For fun I was reading some notes on Operating Characteristics and it said (paraphrased with notation definition):
As Fig. 1 suggests (omitted from question), good detection probability $P_D = P(\hat{H}(y) = H_1 \mid H = H_1)$ is generally obtained at the expense of high false alarm probability $P_F = P(\hat{H}(y) = H_1 \mid H = H_0)$ and so choosing a (Likely Ratio Test LRT) threshold $\eta$ for a particular problem involves making an acceptable tradeoff... From this perspective, the Bayesian Hypothesis test (i.e. choosing a decision rule that minimizing Bayes risk $\varphi(f) = \mathbb{E}_{H,y}[C(f(y), H)] $) represents a particular tradeoff, and corresponds to a single point on this curve. To obtain this tradeoff, we effectively selected as our objective function a linear combination of $P_D$ and $P_F$. More specifically, we minimize: $$ \varphi(f) = \alpha P_F - \beta P_D + \gamma$$ over all possible decision rules, where the choice of $\alpha$ and $\beta$ is in turn, determined by the cost assignment $C_{ij}$'s (where i corresponds to the chosen hypothesis by the decision rule and j corresponds to the correct hypothesis) and the a priori probabilities $P_m$'s.

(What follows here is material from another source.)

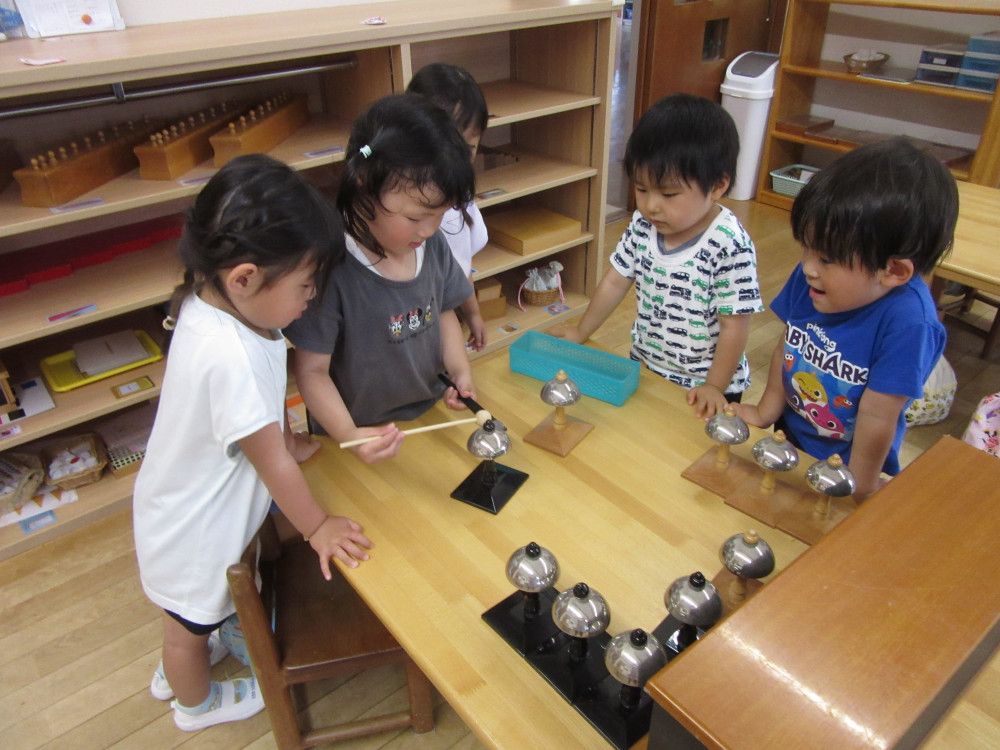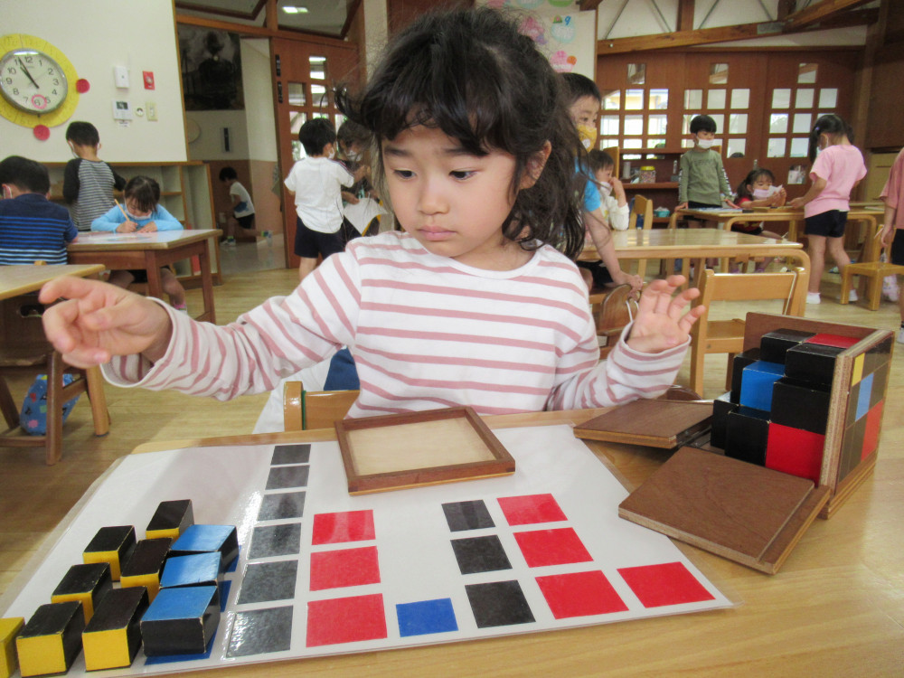 - 幼児が感覚(視覚・聴覚・触覚)を通して言葉を獲得できるようにわかりやすい系統的な教具・教材が用意されていて、楽しく関われるように工夫されています。

and claims for the Binary case that the following is true:
$$\alpha = (C_{10} - C_{00})P_0,$$ $$\beta=(C_{01} - C_{11})P_1,$$ $$ \gamma = (C_{00} + C_{01})P_1$$
My first question is, why do we minimize:
$$ \varphi(f) = \alpha P_F - \beta P_D + \gamma$$
that doesn't quite makes sense to me. Why do we want to minimize that? Is it because we just want to minimize the expected risk? (Also, why does that equation express the intrinsic trade off between $P_D$ and $P_F$?)From the notation, I infer that one can re-write Bayes Risk and write it in that form, however, I've been unable to do that. Here is what I have tried:
$$ \varphi(f) = \mathbb{E}_{H,y}[C(f(y), H)] = \sum_{H_j,y} C(f(y), H_j) P(y,H_j)$$
$$ \varphi(f) = \sum_{H_j} \sum_{H_i} \sum_{y : f(y) = H_i} C(f(y) = H_i, H_j) P(y \mid H_j) P(H_j)$$ $$ =\sum_{H_j,H_i} C(H_i, H_j) P(f(y) = H_i \mid H_j) P(H_j)$$ for the binary case we have (were $P_i = P(H_i)$, $C_{ij} = C(f(y) = H_i, H_j)$, $P(H_i \mid H_j) = P(f(y) = H_i \mid H = H_j)$):
$$ \varphi(f) = C_{00} P(H_0 \mid H_0)P_0 + C_{11} P(H_1 \mid H_1)P_1 + C_{10} P(H_1 \mid H_0)P_0 + C_{01} P(H_0 \mid H_1)P_1$$
$$ \varphi(f) = C_{00} P(H_0 \mid H_0)P_0 + C_{11} P_DP_1 + C_{10} P_F P_0 + C_{01} P(H_0 \mid H_1)P_1$$
and after this step, is where I get stuck. The reason I am having trouble advance is because, the form the text suggests as an answer does not even have the terms $P(f(y) = H_0 \mid H = H_0) = P(H_0 \mid H_0)$ and $ P(f(y) = H_0 \mid H = H_1) = P(H_0 \mid H_1)$ anywhere. Which makes me suspect that there might be a typo on the text and $\gamma$ should actually be something else involving $P(H_0 \mid H_1)$ or $P(f(y) = H_0 \mid H = H_0)$. Even if that were true, I can't explain myself how Bayes Risk has a minus sign (as in $\alpha P_F - \beta P_D + \gamma$) even if there were true, unless it was cancelled out somewhere again in the $\gamma$ by some hidden terms. Someone know where the typo is or if there is a way of proceeding from the location I got stuck?